GOAL OF THE EXERCISE
Your answer should contain only the lines from the top of the data below down through the one with "1.图像级分类性能:在测试集", transcribed exactly and without pictures; please include nothing more.

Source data
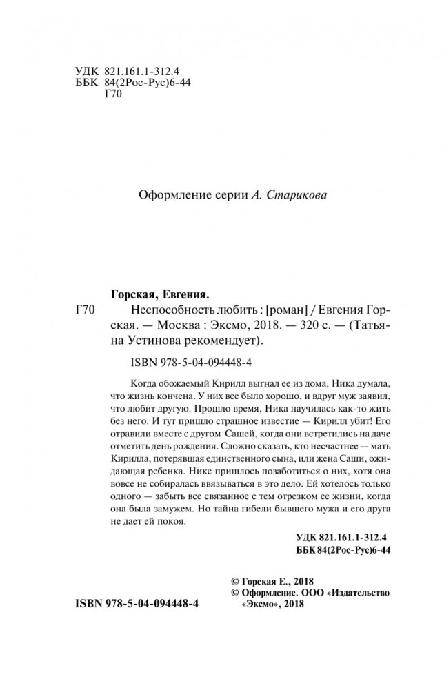 Когда обожаемый Кирилл выгнал ее из дома, Ника думала, что жизнь кончена. У них все было хорошо, и вдруг муж заявил, что любит другую. Прошло время, Ника научилась как-то жить без него. И тут пришло страшное известие — Кирилл убит! Его отравили вместе с другом Сашей, когда они встретились на даче отметить день рождения. Сложно сказать, кто несчастнее — мать Кирилла, потерявшая единственного сына, или жена Саши, ожидающая ребенка. Нике пришлось позаботиться о них, хотя она вовсе не собиралась ввязываться в это дело. Ей хотелось только одного — забыть все связанное с тем отрезком ее жизни, когда она была замужем. Но тайна гибели бывшего мужа и его друга не дает ей покоя.
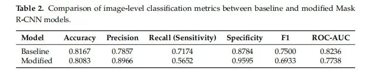 1.图像级分类性能:在测试集上,SE修改后的模型在图像级胆结石检测中表现出更保守的模式。与基线模型相比,其准确率为0.8083,精确度从0.7857提升至0.8966,特异性从0.8784提升至0.9595,但召回率从0.7174下降至0.5652,F1分数从0.7500下降至0.6933。
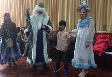 Танцы, новогодние загадки и конкурсы от Деда Мороза, стихи и песенки, старательно подготовленные детками, артистические номера от школы при Посольстве РФ в Перу - праздник удался.
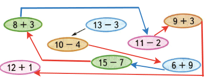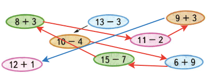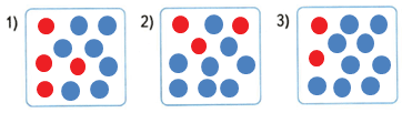 На каждом рисунке по 11 кружков. Раскрась каждый рисунок красным и синим карандашами так, чтобы красных кружков стало меньше, чем синих: на рисунке 1 — на 3 кружка, на рисунке 2 — на 5 кружков, на рисунке 3 — на 7 кружков.
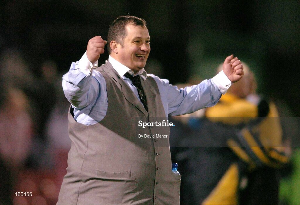 8 November 2004; Pat Dolan, Cork City manager, celebrates at the end of the game after victory over Drogheda United. eircom league, Premier Division, Cork City v Drogheda United, Turners Cross, Cork. Picture credit; David Maher / SPORTSFILE
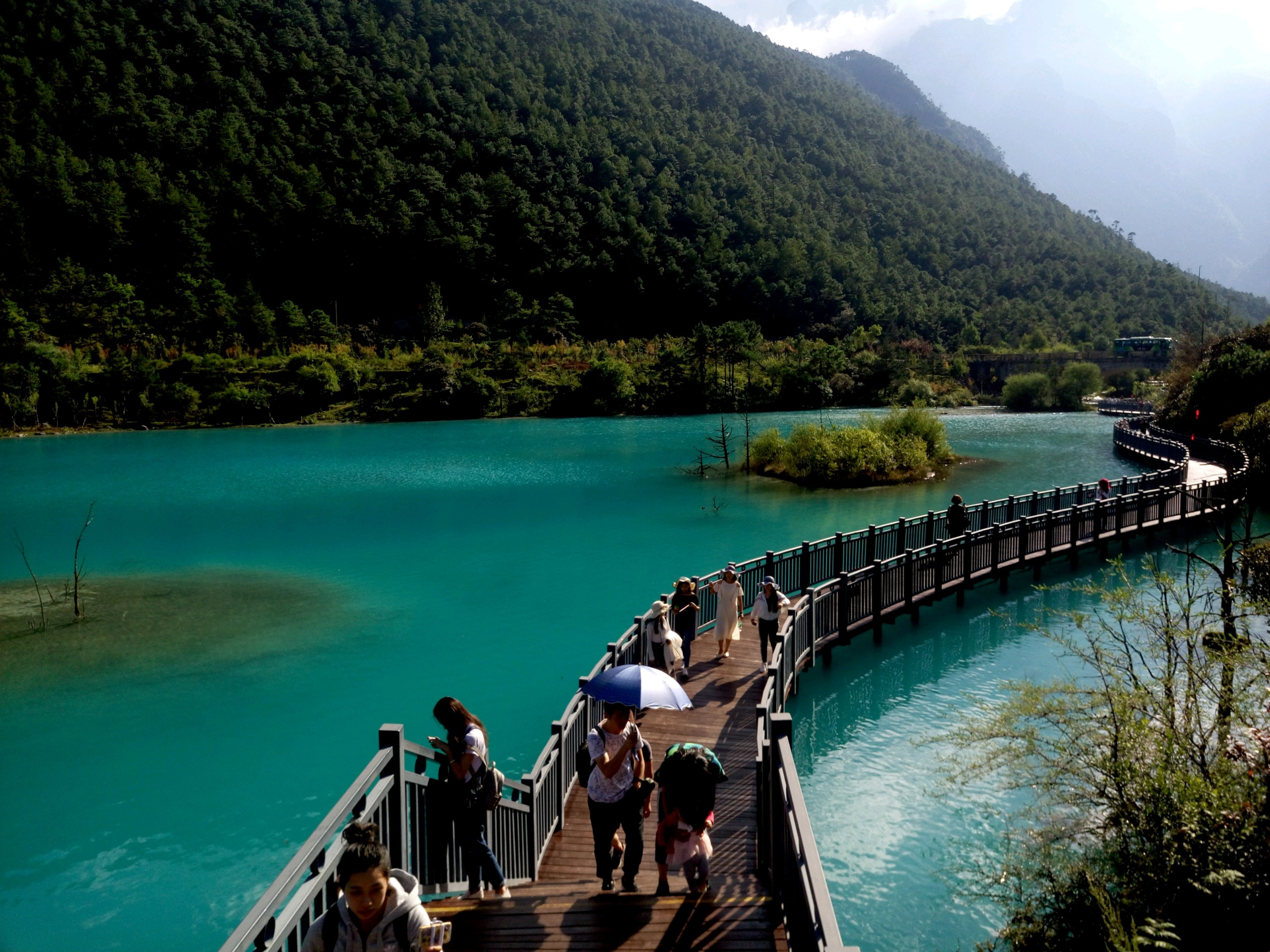 中饭是在蓝月谷上边一个二层楼的店里吃的土鸡火锅😂我可能失忆忘了名字,反正是三个字😁但是真的很好吃哇,虽然是团餐,但个人觉得比第一天来丽江吃的阿妈腊排骨里的土鸡更好吃耶~不知道是不是饿了~中饭后直接到了蓝月谷

ANSWER
 Когда обожаемый Кирилл выгнал ее из дома, Ника думала, что жизнь кончена. У них все было хорошо, и вдруг муж заявил, что любит другую. Прошло время, Ника научилась как-то жить без него. И тут пришло страшное известие — Кирилл убит! Его отравили вместе с другом Сашей, когда они встретились на даче отметить день рождения. Сложно сказать, кто несчастнее — мать Кирилла, потерявшая единственного сына, или жена Саши, ожидающая ребенка. Нике пришлось позаботиться о них, хотя она вовсе не собиралась ввязываться в это дело. Ей хотелось только одного — забыть все связанное с тем отрезком ее жизни, когда она была замужем. Но тайна гибели бывшего мужа и его друга не дает ей покоя.
 1.图像级分类性能:在测试集上,SE修改后的模型在图像级胆结石检测中表现出更保守的模式。与基线模型相比,其准确率为0.8083,精确度从0.7857提升至0.8966,特异性从0.8784提升至0.9595,但召回率从0.7174下降至0.5652,F1分数从0.7500下降至0.6933。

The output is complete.